Question

A girl delivering newspapers covers her route by traveling 3.50 blocks west, 3.50 blocks north, and then 9.50 blocks east.

(a) What is her resultant displacement?
magnitude
blocks
direction
° north of east


(b) What is the total distance she travels?

blocks

Answer 1

(a) 6.95 blocks at
`30.2^(\circ)` north of east

Let's calculate the net displacement along the west-east direction first.

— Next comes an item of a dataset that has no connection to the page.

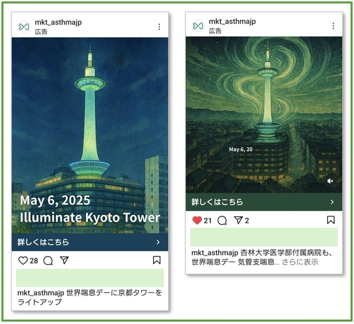 昨日(5/6,2025)、ニデック京都タワーを青と緑のライトアップをしてきました。クラウドファンディングや直接のご寄付を頂いた方々、そして気管支喘息の啓発日の確立にご協力頂いた方々に、深くお礼を申し上げます。気管支喘息への啓発カラー(青&緑)で染まったニデック京都タワーを、大勢の方が見上げながら、スマホやカメラで撮影されていました。青と緑に照らされたニデック京都タワーは、実際に見ると荘厳な塔のイメージで、写真ではその存在感をなかなか上手く伝えられない気もします。たくさんの写真を撮りましたので、後でベスト Phot を選ぶつもりですが、取り急ぎ私のスマホで撮った中で良さそうな写真を、取り急ぎご紹介します。詳しくは「喘息フォーラム・日本」の公式Webサイトでご紹介しております。ぜひ共ご覧下さい。▼ 喘息フォーラム・日本 (Asthma Jp)https://www.asthma.jp/ 画像キャプションこれからまだ各所(滋賀医科大学付属病院、宿場町平福)でも、気管支喘息への啓発が目的のライトアップが予定されています。通院される患者さんやお近くの方は、そちらもぜひご覧下さい。▽ 滋賀医科大学付属病院https://www.shiga-med.ac.jp/hospital/▽ 宿場町平福(兵庫県佐用町)http://34cho.com/kankou/shukubamachi-hirafuku/

Taking east as positive direction and west as negative direction,

`d_x = 9.50 - 3.50 = 6.00` blocks east

While displacement in north-south direction is

`d_y = 3.50` blocks north

So the magnitude of the resultant displacement is

`d=√(d_x^2 +d_y^2)=√((6.00)^2+(3.50)^2)=6.95` blocks

And the direction is

`\theta = tan^(-1) ((d_y)/(d_x))=tan^(-1) ((3.50)/(6.00))=30.2^(\circ)` north of east

(b) 16.50 blocks

The total distance travelled is simply the sum of the length of each path. We have:

3.50 blocks in the first part

3.50 blocks in the second part

9.50 blocks in the last part

So, the total distance travelled is

d = 3.50 + 3.50 + 9.50 = 16.50 blocks